Cet été, la Banque de France jetait un premier pavé dans la mare en revoyant à la baisse sa prévision de croissance à horizon 2028. Alors que l’institution voyait la hausse du PIB rebondir au-dessus des 1,3 % par an à partir de 2027, elle a modifié ses prévisions pour tabler désormais sur une croissance inférieure à 1,2 % par an durant les trois prochaines années.

Evolution de la croissance attendue en France : entre mars (en bleu) et juin (en noir), l’anticipation de croissance à deux ans a diminué de 14 %. Infographie : Banque de France
Avec sa prévision énergétique, RTE enfonce le clou : non seulement l’Hexagone ne connaîtra pas de croissance importante dans les trois prochaines années comme l’anticipe déjà la Banque de France, mais la traversée du désert devrait s’étendre sur dix ans.
La projection d’une croissance de l’ordre de 1,2 % par an de la consommation d’électricité dans l’hypothèse basse devra en prime être corrigée de l’effort de transition énergétique avant d’être transposée au PIB. L’électrification de nos activités énergivores comme le transport, la production d’engrais ou encore la métallurgie conduira en effet à consommer plus d’électricité à production de richesse constante… ce qui laisse d’autant moins de place à la croissance économique.
Alors que la consommation d’électrons reste encore inférieure de 6 % à celle qui prévalait à la fin des années 2010, RTE prévoirait surtout une baisse de la demande industrielle, qui signera une contraction de l’activité réelle dans l’Hexagone.
Pour qui veut investir dans les entreprises du Vieux Continent, le scénario n’est pas plus réjouissant chez notre voisin allemand. L’ancienne locomotive de l’économie européenne n’a jamais retrouvé son niveau d’activité antérieur à la crise énergétique de 2022, et va devoir faire face à partir de 2027 à la disparition définitive du gaz russe.
Face à cette multiplication des vents contraires, les analystes d’Amundi ont revenu à la baisse leurs anticipations de croissance en zone euro pour les prochaines années. Entre des économies atones, une démographie défavorable et des Etats au bord de l’insolvabilité, Amundi voit désormais la croissance européenne s’établir au mieux entre 0,6 % et 1,3 % dans les prochaines années – au point d’anticiper la nécessité d’un plan de relance de la part de la BCE.
Pour eux, les taux d’intérêts devraient s’établir aux alentours de 1,5 % à partir de l’année prochaine, soit une baisse de 25 % du coût de l’argent par rapport à cette fin d’année. A ce niveau, nous reviendrions dans un contexte de taux réels négatifs. La situation rapprochera alors de celle qui prévalait en 2015… la croissance économique en moins.
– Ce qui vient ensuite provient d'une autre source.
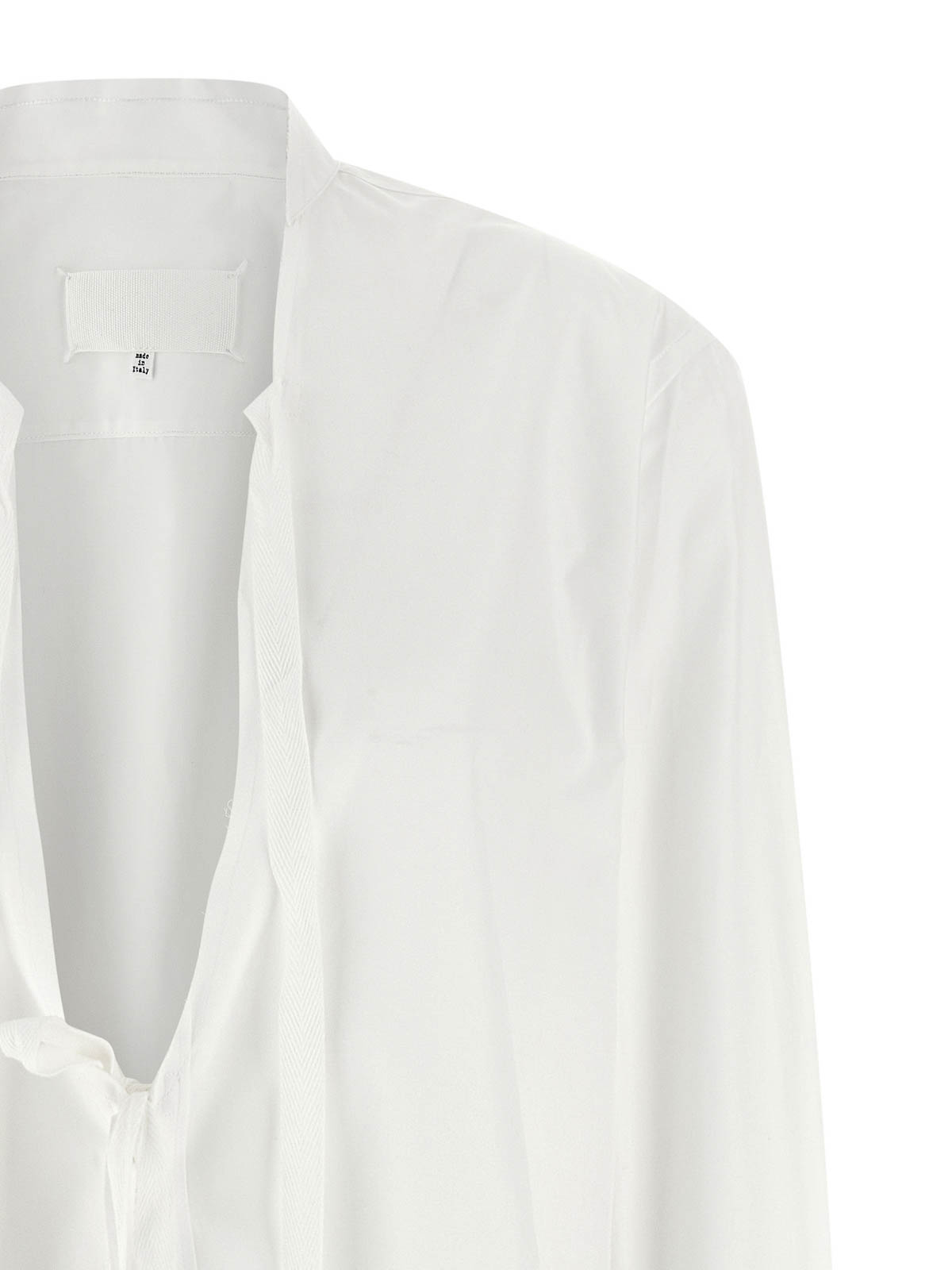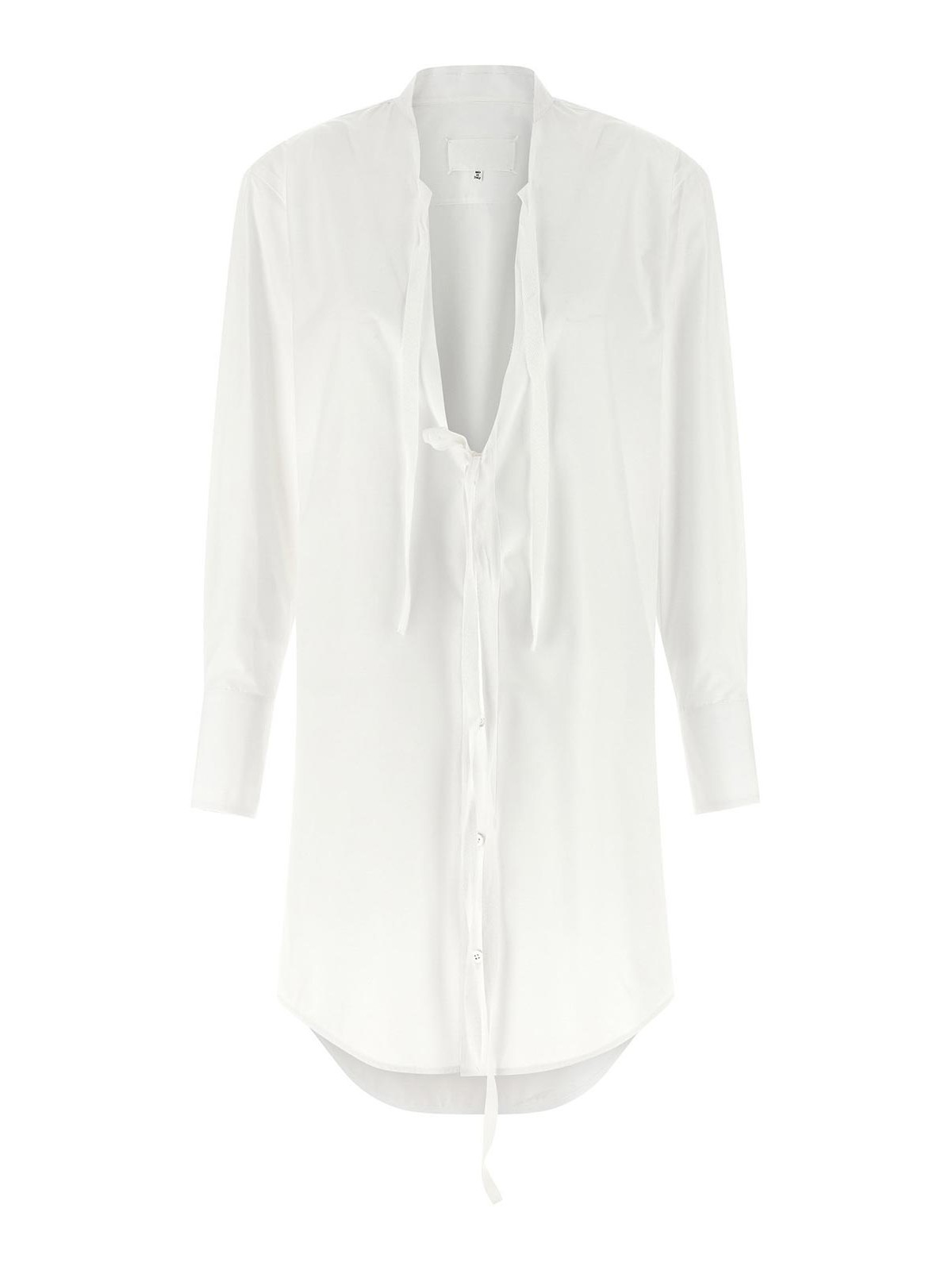 ケミシェスタイルのコットンポプリンのミニドレス、裾はロウカットのVネック、好きなように結べるトーン・オン・トーンのグログランリボン、ストレートシルエット、フロントはマザーオブパールのボタン留め、袖口付きの長袖、後ろの「4ステッチ」、丸みを帯びたアシンメトリーなヘム。
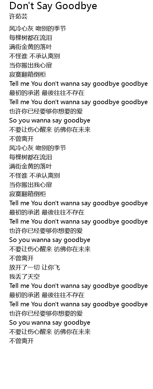 | [00:53.67] | Tell me You don't wanna say goodbye goodbye |
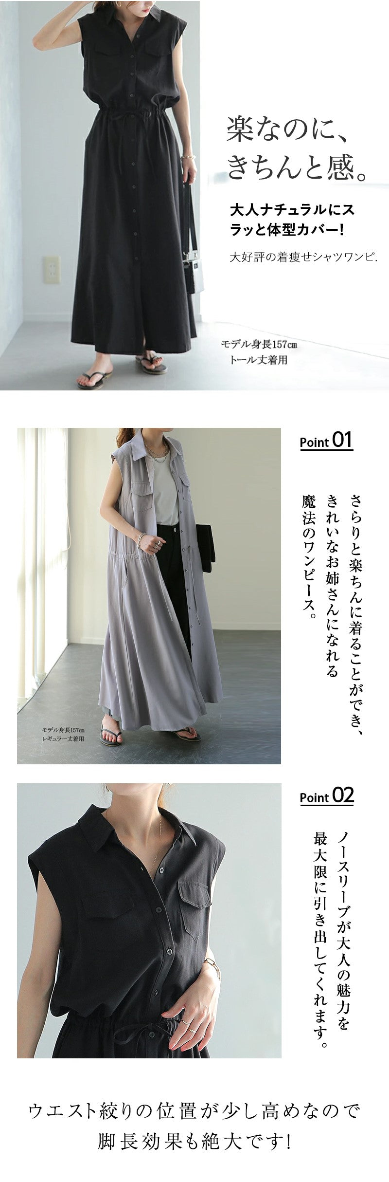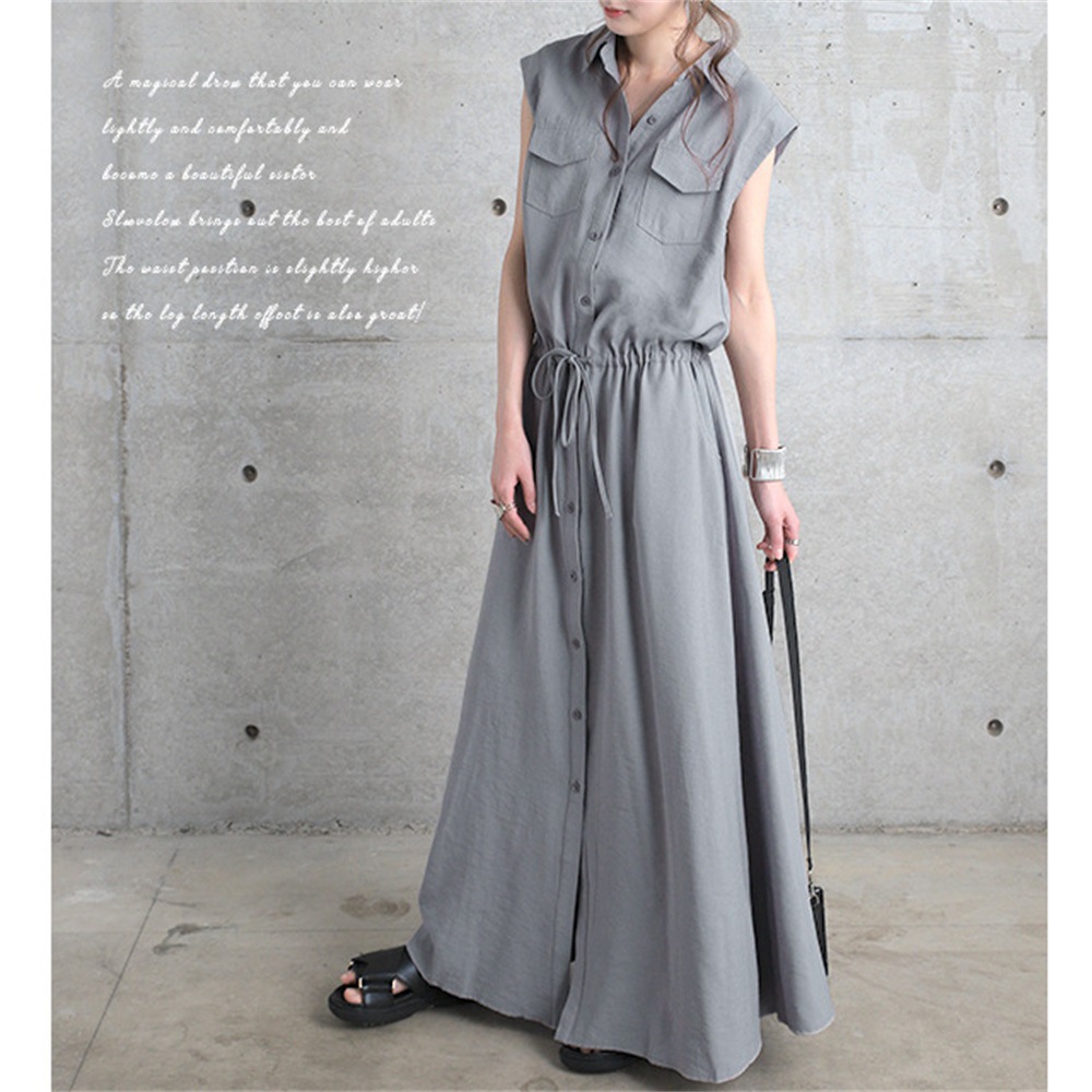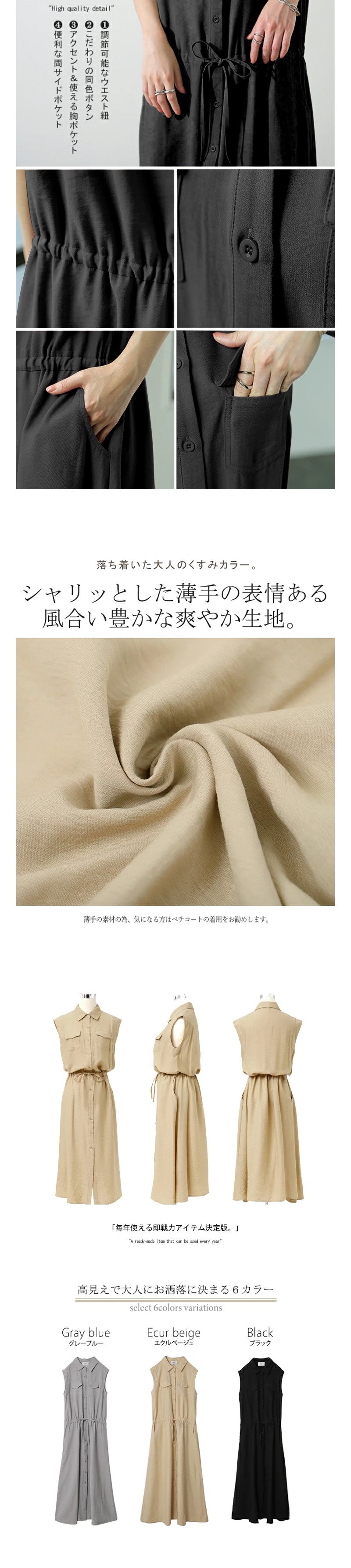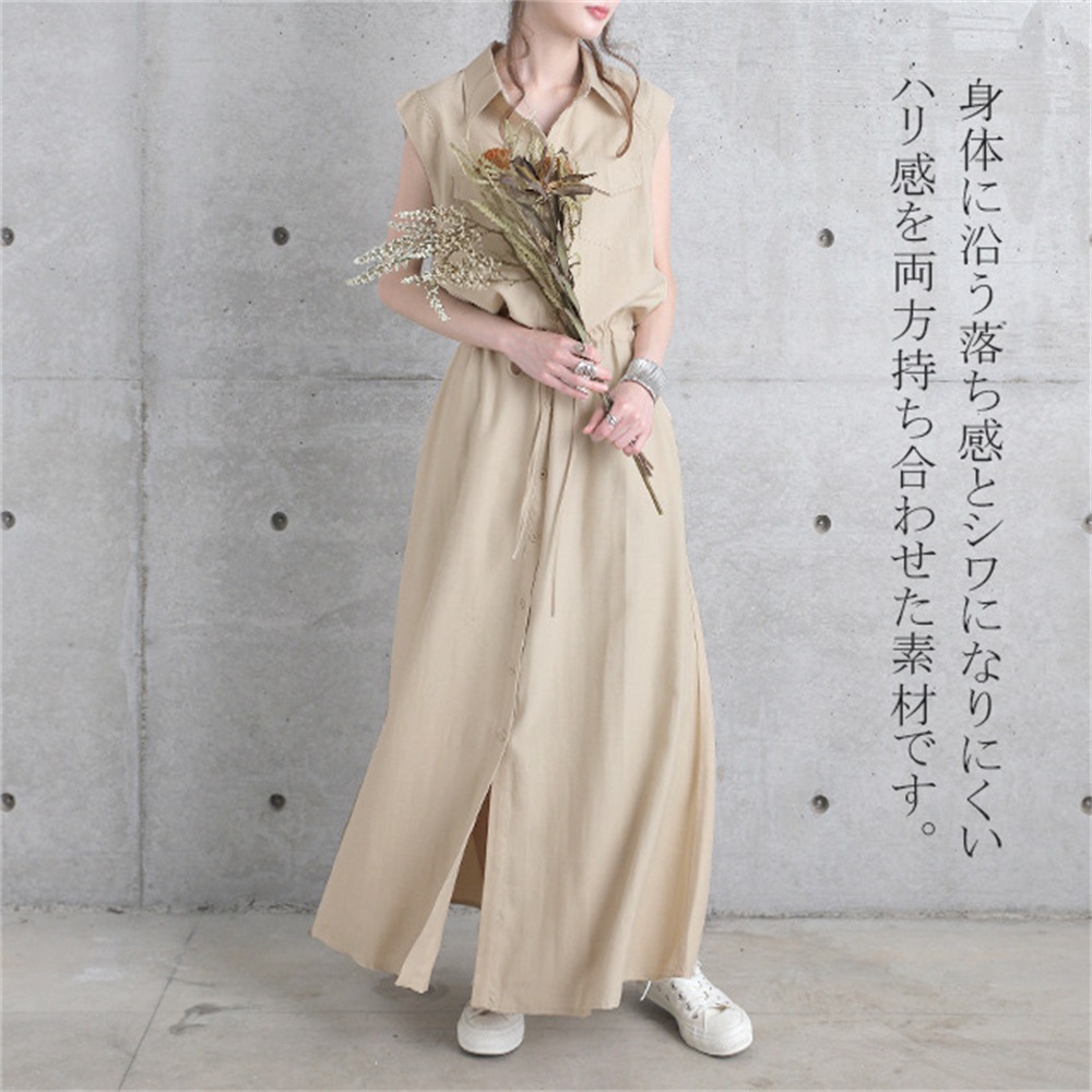 ワンピース ロングワンピース シャツワンピース ノースリーブ ポケット ウェストゴム 無地 黒 きれいめ 春 夏 黒 Aライン ウエストマーク3色 S-XXL

Si les prévisions de notre opérateur s’avèrent correctes, les prévisions d’Amundi le seront également. Cela signifierait que nous sommes à l’aube d’un nouveau cycle de stagflation, durant lequel les prix monteront alors que le niveau de l’activité économique réel progressera peu.
Une situation dramatique pour les épargnants qui verront le pouvoir d’achat de leurs économies laminé… mais favorable aux investisseurs qui se seront positionnés, à temps, sur des placements immunisés contre l’inflation.

2 commentaires
Le gaz pour la fabrication d’engrais n’est pas qu’une source d’énergie, c’est aussi la matière première pour les engrais azotés. Tout n’est pas électrifiable.
La stagnation n’a rien d’étonnant. La « croissance » occidentale des 19è et 20è siècles est un phénomène circonstanciel et local. La « stagnation » n’a pas empêché le monde de vivre pendant 3000 ans !! Les Européens-Occidentaux vont devoir réapprendre à vivre en stagnant. Pendant que le « Tiers Monde » va progresser…pour finalement stagner lui aussi.
Stagnation is not surprising. The Western « growth » of the 19th and 20th centuries was a circumstantial and local phenomenon. « Stagnation » didn’t prevent the world from functioning for 3,000 years! Western Europeans will have to relearn how to live in stagnation. Meanwhile, the « Third World » will progress… only to eventually stagnate as well.